Each round has a condition prompt that sets the social scenario: a debate topic, a collaborative task, a negotiation, a simulated classroom, or any situation you can describe. Agents respond based on their personas and the conversation history. You control the interaction pattern, number of turns, which agents participate, and how long responses should be.
Use cases include:
- Simulating academic debates grounded in real papers
- Modeling stakeholder negotiations with distinct interests
- Exploring how different ideological perspectives interact on a topic
- Testing how agent personas, temperature, or round structure affect discourse outcomes
- Running batch experiments to observe variance across identical setups
- Generating structured multi-perspective analysis of documents or topics
2. Getting Started
To run your first experiment, follow these steps:
-
1.
Create an account
Click "Sign In" in the top right. If you don't have an account, click "Create one" to sign up with your email and password. You'll receive a confirmation email — click the link to activate your account, then sign in.
-
2.
Check your providers
Go to Settings. You should see at least one provider already configured (e.g., "claude"). If not, you'll need to add one — see Setting Up Providers below.
-
3.
Create an experiment
Go to New Experiment. Give it a name, select your default provider (e.g., "claude"), enter the default model name (e.g., "claude-sonnet-4-6"), and add at least one agent and one round.
-
4.
Launch
Click "Launch Experiment" and watch the agents respond in real-time. Results appear as they're generated.
Quick test: Try 2 agents, 1 round, "Short" response length. This will finish in under a minute and let you verify everything works before building a larger experiment.
3. Setting Up Providers
A provider is an LLM backend that powers your agents. Providers are configured in Settings.

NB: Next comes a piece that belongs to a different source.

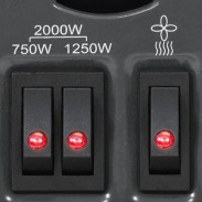 - Trys šildymo lygiai: 750 W, 1250 W arba 2000 W;

Shared vs. Personal Providers
Your administrator may have pre-configured shared providers (like Claude) that are available to all users automatically. These appear in your provider list without any setup. You can also add your own personal providers — these are visible only to you.
Provider Types
Anthropic (Claude)
For Claude models by Anthropic.
- Backend: Select "Anthropic"
- Base URL: Leave blank (the SDK handles this automatically)
- API Key: Your Anthropic API key (starts with
sk-ant-). Get one at console.anthropic.com. - Default Model:
claude-sonnet-4-6(recommended) or any Claude model ID
OpenAI Compatible
Works with any server that exposes the OpenAI-style /v1/chat/completions endpoint. This includes Ollama, vLLM, LMStudio, RunPod, OpenAI itself, and many others.
- Backend: Select "OpenAI Compatible"
- Base URL: The server's API URL ending in
/v1(e.g.,http://localhost:11434/v1for Ollama, or a RunPod proxy URL) - API Key: Whatever the server requires. For Ollama, any string works (e.g., "ollama"). For OpenAI, your OpenAI API key.
- Default Model: The model name as the server knows it (e.g.,
gemma2:latestfor Ollama,gpt-4ofor OpenAI)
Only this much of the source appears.